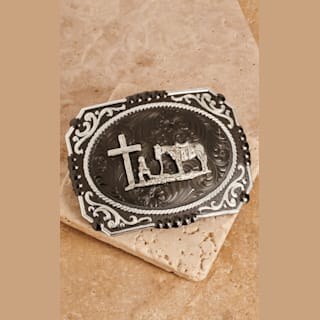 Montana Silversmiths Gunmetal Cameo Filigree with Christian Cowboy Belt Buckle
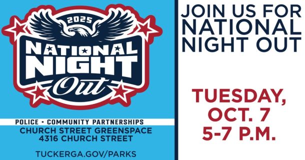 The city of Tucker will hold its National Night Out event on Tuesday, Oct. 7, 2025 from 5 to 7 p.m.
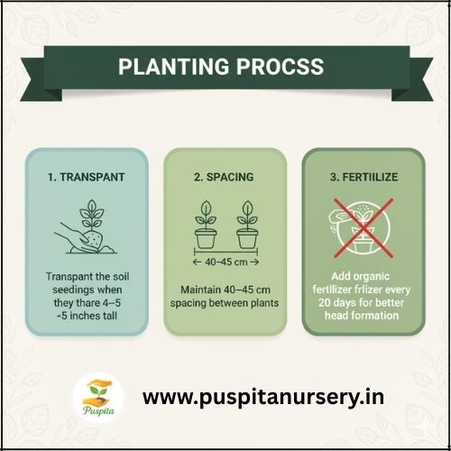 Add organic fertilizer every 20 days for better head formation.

##############################

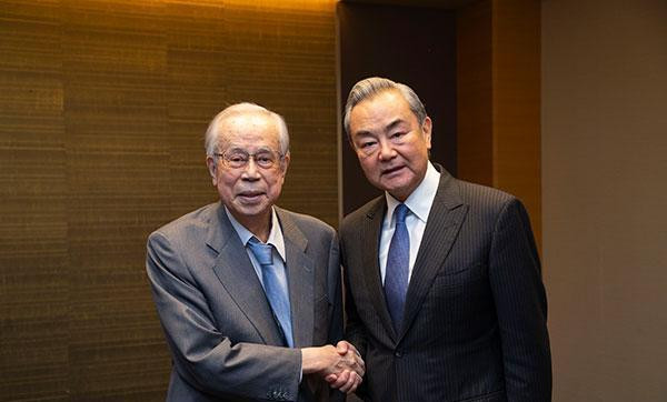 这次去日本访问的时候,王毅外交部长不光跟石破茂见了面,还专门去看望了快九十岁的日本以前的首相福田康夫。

##############################

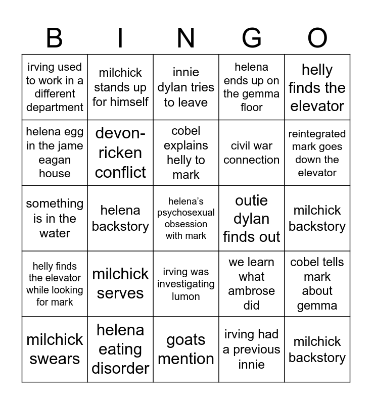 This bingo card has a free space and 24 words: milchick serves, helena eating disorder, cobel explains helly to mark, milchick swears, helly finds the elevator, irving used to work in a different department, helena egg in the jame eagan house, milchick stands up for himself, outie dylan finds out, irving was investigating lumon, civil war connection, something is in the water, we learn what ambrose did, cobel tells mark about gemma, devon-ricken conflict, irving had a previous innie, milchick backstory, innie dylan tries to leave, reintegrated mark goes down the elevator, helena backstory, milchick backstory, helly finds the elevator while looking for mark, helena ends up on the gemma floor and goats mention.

##############################

* _WHAT TO PRODUCE_: Start with the line above containing "Montana Silversmiths Gunmetal" and end with the line containing "Add organic fertilizer". Set down that stretch exactly, without any pictures.

* _SOLUTION TO THE PROBLEM_:
 Montana Silversmiths Gunmetal Cameo Filigree with Christian Cowboy Belt Buckle
 The city of Tucker will hold its National Night Out event on Tuesday, Oct. 7, 2025 from 5 to 7 p.m.
 Add organic fertilizer every 20 days for better head formation.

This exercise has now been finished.